阿姨不住家,但每天都會來打掃,聽見門鈴就跑去給涂誠開了門。人進了屋,汪司年扔下書,一骨碌從沙發上爬起來,沖對方沒心沒肺地笑了笑:“喲,這是剛剛挨完訓回來?”
涂誠目光落在那本《倚天屠龍記》上,不回話。讀書那會兒的課桌讀物,他的老師常痛心疾首地望著他,倘使沒有金古,他的模擬考準能多兩分。
“不好意思,昨天怪我太沉不住氣,不該跟楚源那小王八羔子計較,連累你挨訓。”汪司年笑嘻嘻的,似乎也沒把這事真當回事。他將柜子上一只黑色表盒拿起來,拋給涂誠,“這份小禮物算我補償給你的,看看。”
打開一看,一塊機械腕表,粉紅金表殼,藍寶石表蓋,深藍色的鱷皮表鏈非常大氣。
涂誠對名表沒研究,牌子總是認識的。他將表盒闔上,又扔還給汪司年:“保護你是我分內職責,這么貴的禮物,不必了。”

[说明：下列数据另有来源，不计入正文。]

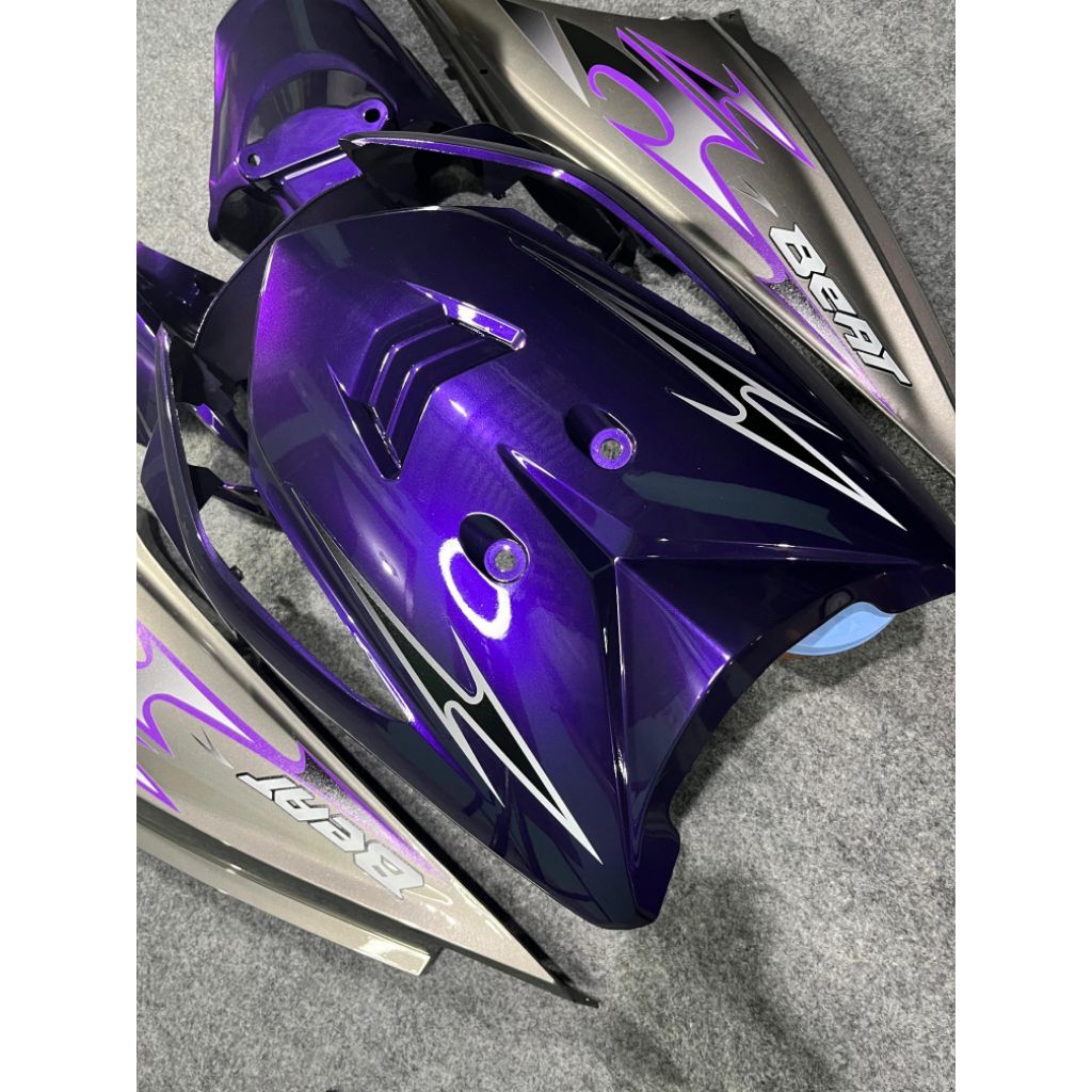 Cover body full set bodi halus Honda beat karbu ungu candy mix grey striping beat transparan vietnam style tahun 2008 sampai 2012

一心就想對方收下,汪司年靈機一動,扯個謊說:“這是高仿的,撐死不到一萬塊,你戴著它護在我左右,也算給我掙了面子。”
對方又巴巴地把表遞了過來,涂誠一眼不看,只問:“能不能借你的健身房用用。”
業精于勤,他每天雷打不動都要鍛煉,因地制宜地創造條件鍛煉,還不如就撿現成的。這別墅設計了專門的健身房,比外頭的專業工作室還設施齊全,汪司年懶得很,心血來潮時統共也就練過兩三回,基本是不進那扇門的。
“不用客氣,我家就是你家,自便就好。”
汪司年輕飄飄的話音剛落地,就見涂誠一抬胳膊脫了上衣,露出結實手臂與健壯胸腹,肌肉塊塊分明。
美色撲入眼簾,伴著這具肉體溫熱強勁的沖擊波,汪司年瞪大眼睛半張嘴,目光無法自控地在對方每一塊肌肉上游弋、梭巡。
“怎么了。”涂誠意識到一雙眼睛正癡癲癲地看著自己。
“你……你讓我想到剛才書里看的一句話,金庸說、說的一句話……”
“什么話。”
“身材越好的男人就越不愛好好穿衣服……”汪司年說話就沒過腦。
“這是金庸的話?”涂誠微一皺眉,倒非有心招展,他一直都有裸著上身鍛煉的習慣。
“不、不是……是‘君子可欺之以方’,我昨天騙你你會上當,正說明你是坦坦蕩蕩的君子,是憂國憂民的好人……”這才意識到自己失態了,他又顧左右而言他,回到先一個話題,“我真是誠心道歉,你到底怎么才肯收下我的禮物?”
“打個賭吧,”涂誠睨著眼前這弱不禁風的大明星,初見時那點嫌棄又溢上來,想了想說,“你要今天能跟上我的鍛煉強度與節奏,我就收下。”
“好啊,一言為定。”汪司年沒多考慮,樂得一口答應。
后來……后來他就后悔了。
對特警涂誠來說,200個俯臥撐只是開胃小菜,他還可以輕輕松松翻出花樣,單手撐著做或做一下就擊個掌。
但對大明星汪司年來說,這就是要人老命的酷刑。頭一二十個姿勢還算標準,三五十個逐步乏力,過百之后簡直就似被拋上岸的魚,茍延殘喘打著挺,腰耷在地上屁股亂動,姿勢何其難看。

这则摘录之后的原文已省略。